In the mouth: hefty presence, wonderful balance between sweetness and huskiness. The notes from the nose repeat perfectly: husky, dried, black tea, hoppy, quality, then the gingery, syrupy sweetness. On top: red fruits, strawberry jam, blackcurrants. It’s a charming, charming dram.
BenRiach Single Cask 2008 #5807 10 Years Old – Sauternes Barrique – 59.7% ABV
On the nose: weirdly similar. A lovely balance between dried, husky, earthy notes and the sweet. Red fruits take over, filling this glass: strawberry jam, that sugary sweetness of macaroons. A little green tea and honey.
In the mouth: lovely rounded texture, and approachable for the ABV. Sickly sweet with maple syrup, strawberry jam again, slightly plummy. Some acidity, like that little bit of red wine that you find in the bottle a week later. Water somehow takes the fun out of it.
BenRiach Single Cask 2005 #2682 Port Pipe – 12 Years Old – 53.9% ABV
On the nose: peated! Forgot about that. Not a sweet peat: ashy, more tea-like, with notes of smoked salmon. Beyond that sit the port notes: the rich, black fruits, a touch of elderberry. Heather honey lingering out there too. Some old cellar notes: ever-so-slightly musty.
In the mouth: fun! Pretty much what you’d expect: a mashing up of prickly, ashy, slightly savoury peat, with plum jam. Hoisin sauce. Lingering beats of sundried tomatoes, tobacco, heather honey, ginger and cinnamon. A bit blunt, as port casks can be, but a riot of flavours with the peat.

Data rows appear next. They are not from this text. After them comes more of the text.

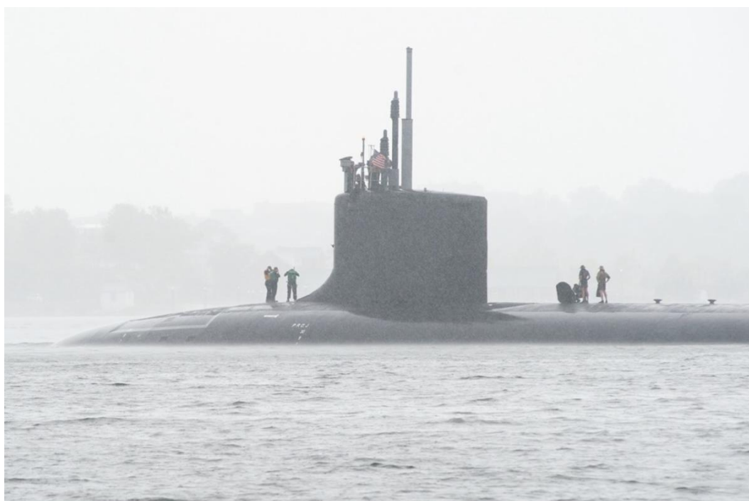
The Virginia-class attack submarine USS Oregon (SSN 793)

Each year, we join our partners in the Submarine Industrial Base Council (SIBC) in recognizing National Submarine Day. Along with more than 5,000 U.S. companies providing critical materials to the U.S. submarine programs, members range from the smallest specialty shops to manufacturers of main propulsion equipment.
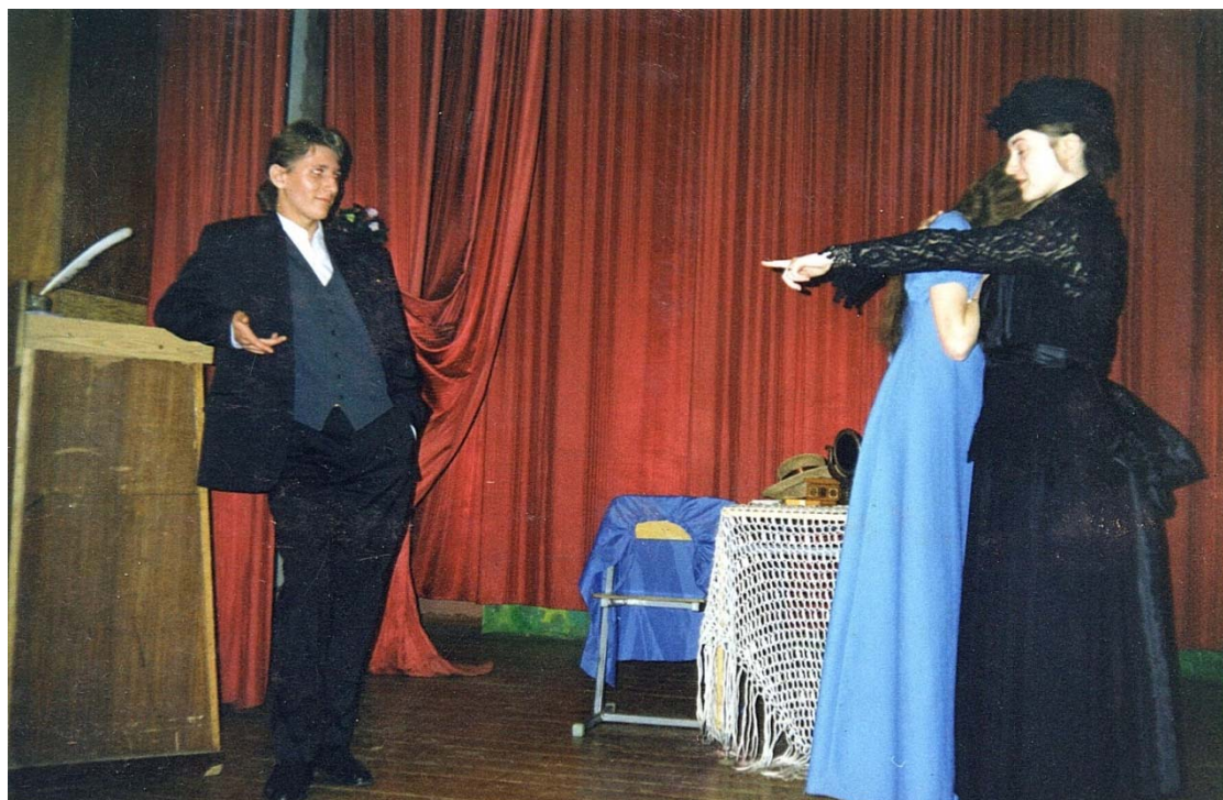
Image 4 – It's a Family Affair – We'll Settle It Ourselves . Source: Performed by students of grade 10, May 1999. Rehearsal.
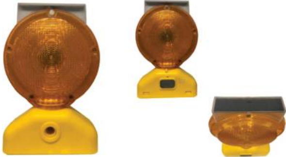
Double Side Lens - Type A/C Function: Steady-Flash-Close SLB-AB-SU410KA
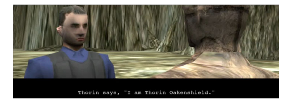
Fig. 1. A screen shot of a movie scene generated by Cambot

Besides generating game plots, we are also witnessing new interests in usergenerated digital media, which serves as the sole content source for popular social websites such as YouTube<sup>TM</sup>, Flickr<sup>TM</sup>, and many others. YouTube recently launched a new portal where users can design their own video clips using animation tools such as GoAnimate<sup>TM</sup> or Xtranormal<sup>TM</sup> to build custom videos featuring their own story plots, dialogues, and virtual avatars<sup>1</sup>.
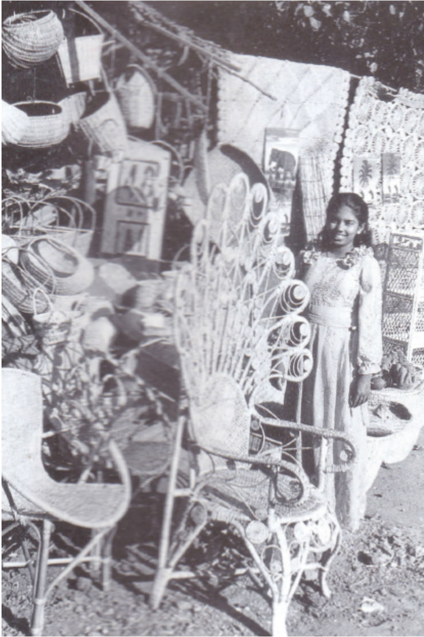
Peacock Chair - one of the many ornamental creations in Rattan on display at a wayside stall of a cane craftsman.
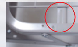
Patent pending rail slot
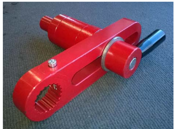
Figure 4: Special Sliding Support
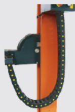
Oil Hose Protection
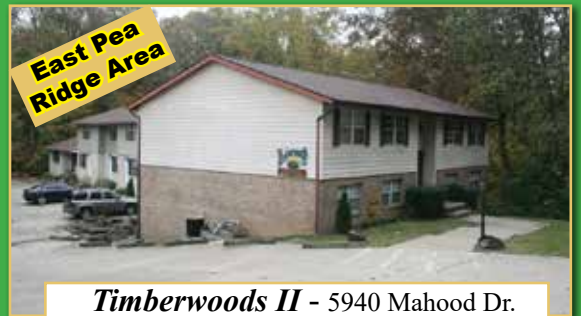
Timberwoods II - 5940 Mahood Dr.
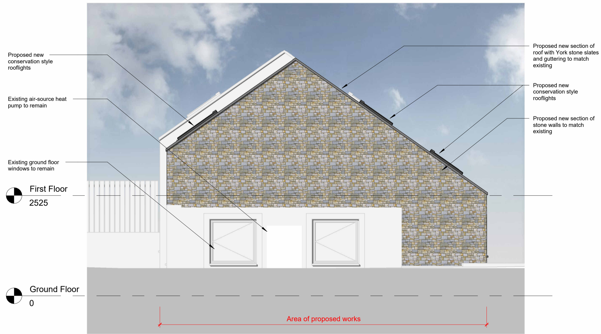
1 Proposed South Elevation 1 : 50
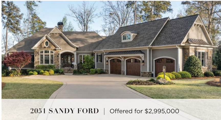
2051 SANDY FORD | Offered for $2,995,000
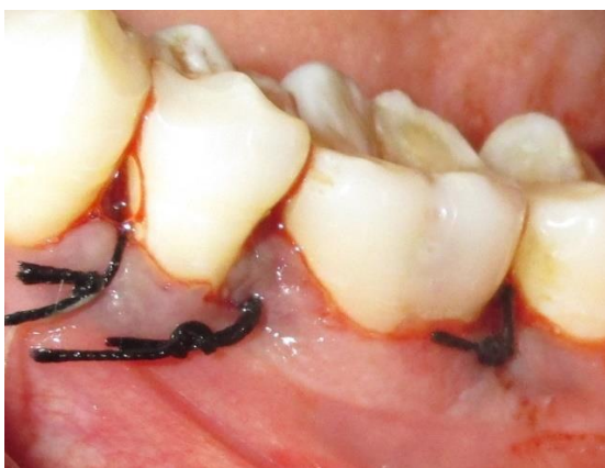
Fig. 6: Flap sutured at desired position
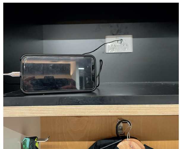
Note that the power outlets are auto-switched. Each outlet becomes active when a plug is inserted. This provides a slimmer and cleaner looking design profile.
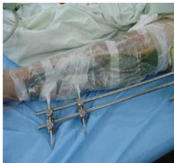
Figure 3: Applying VAC around a external fixator requires an extra effort. the saran@ wrap are slit cut around the pins. Leukoplast@ plaster tapes has to be properly applied around the pins so as to make it a sealed dressing.

The tube was then connected to the suction to check if the foam collapses, if not then we looked for any unsealed area then sealed it with more plaster tapes. In cases of external fixators, slit cuts on the Saran@ wraps were made to seal pin sites and tapes around the pin sites sealed the area adequately (Figure 3).
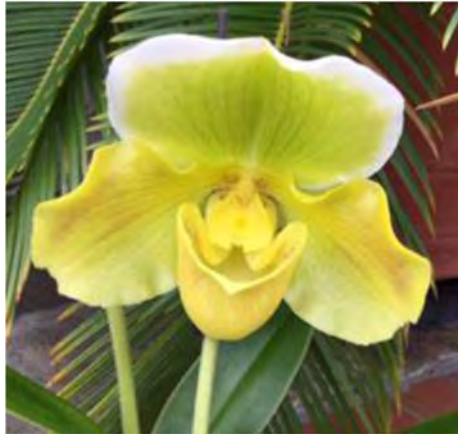
Paph. Magic Mood 'Tumbleweed' × Mountain Meadow 'Jolly'
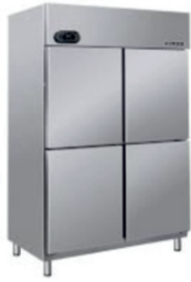
Four Door Refrigerator

BenRiach Single Cask 1997 #4437 – Marsala Hogshead – 20 Years Old – 54.8% ABV
On the nose: This one has far more high notes than the others. It’s brighter, sweeter, more restrained. Apples, honey, a little toffee. Salted caramel. Pears in syrup. Grapefruit. Melon. Mango. In the distance, straw, hay barns, dusty.
In the mouth: Doesn’t feel as though the wood has done that many favours. Certainly plenty of difference though. Baked apples, grapefruit, golden syrup. Salted caramel again. With time some nice huskiness, malted milk biscuits, malted barley. Some ginger and black pepper on a slightly astringent finish.
BenRiach Single Cask 1992 #979 – Port Hogshead – 25 Years Old – 53.9% ABV
On the nose: dark fruits, black currants, blackberries, strawberry jam. Maple syrup. Tiramisu. Chocolate. Sultanas and raisins. Feels more classically sherried than Port. Warming ginger. Touches of vanilla.
In the mouth: very silky and the most elegant of the lot by a country mile. Strawberry jam. Lightly toasted. Again, those more typically sherry cask European oak notes manifest; plenty of sultanas and raisins. Dried cranberries here too. Nutmeg, honey and black tea on the finish.
One of my fears when starting to taste all of these single cask BenRiach whiskies was: are they all going to be a bit similar. But no, they’re not – not even close. With the peated twist and the varied cask types, there’s enough here to eradicate any notion of a distillery style. Pick any one of these – they’re a delight. Pick two to enjoy the radical differences. Bravo to variation.
Because I, personally, celebrate differences; I’m not really interested in consistency in whisky. To want something the same batch after batch, you might as well just drink Coca-Cola, stay only in a Premier Inn, and eat only at Harvesters.
Call me a snob, I dare you. But that’s no kind of life for me.